EU AI Act

Elements, expectations, and a practical checklist.

This section provides a high-level, decision-maker summary. Align the details with your legal and compliance teams for jurisdiction-specific interpretation.

This is a high-level summary for decision makers. It is not legal advice. Validate specific obligations with counsel and compliance teams.

Core elements

Risk-based classification

Systems are categorized by risk level. Higher risk triggers stricter governance, evidence, and controls.

Prohibited practices

Certain AI uses are disallowed outright (e.g., manipulative or exploitative practices).

High-risk obligations

High-risk systems require rigorous risk management, data governance, documentation, and human oversight.

Transparency obligations

Users must be informed when they are interacting with AI or AI-generated content.

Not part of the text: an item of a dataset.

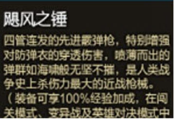 四管连发的先进散弹枪,特备增强对防弹衣的穿透伤害,喷薄而出的弹群如海啸般无坚不摧,是人类战争史上杀伤力最大的近战枪械。(享受100%的经验加成,在各种模式中也会获得伤害加成。)

Quality, robustness, cybersecurity

Controls must ensure reliability, accuracy, resilience, and protection against misuse or attack.

Post-market monitoring

Ongoing monitoring, incident reporting, and corrective actions are expected after deployment.

Implementation checklist

  • Classify the AI system and record the rationale.
  • Maintain a risk management file and mitigation plan.
  • Define data governance: data sources, quality checks, bias controls.
  • Document system purpose, capabilities, limitations, and intended users.
  • Establish human oversight roles and escalation paths.
  • Ensure logging and traceability of AI outputs and decisions.
  • Define transparency notices for users and stakeholders.
  • Implement robustness, accuracy, and cybersecurity testing.
  • Set post-market monitoring and incident response procedures.
  • Retain evidence for audits and regulatory requests.

Executive explanations

What this means for Big Four delivery

The AI Act formalizes expectations already common in regulated work: classification, documentation, and accountability. If you cannot evidence controls, you should not deploy the use-case.

Why it matters in client work

Advisory, audit, and tax engagements often touch regulated data and client decision-making. Treat AI outputs as regulated artifacts with full traceability.

How to align fast

Use the same control architecture you apply to financial reporting and audit evidence: controlled inputs, versioned outputs, and defensible review logs.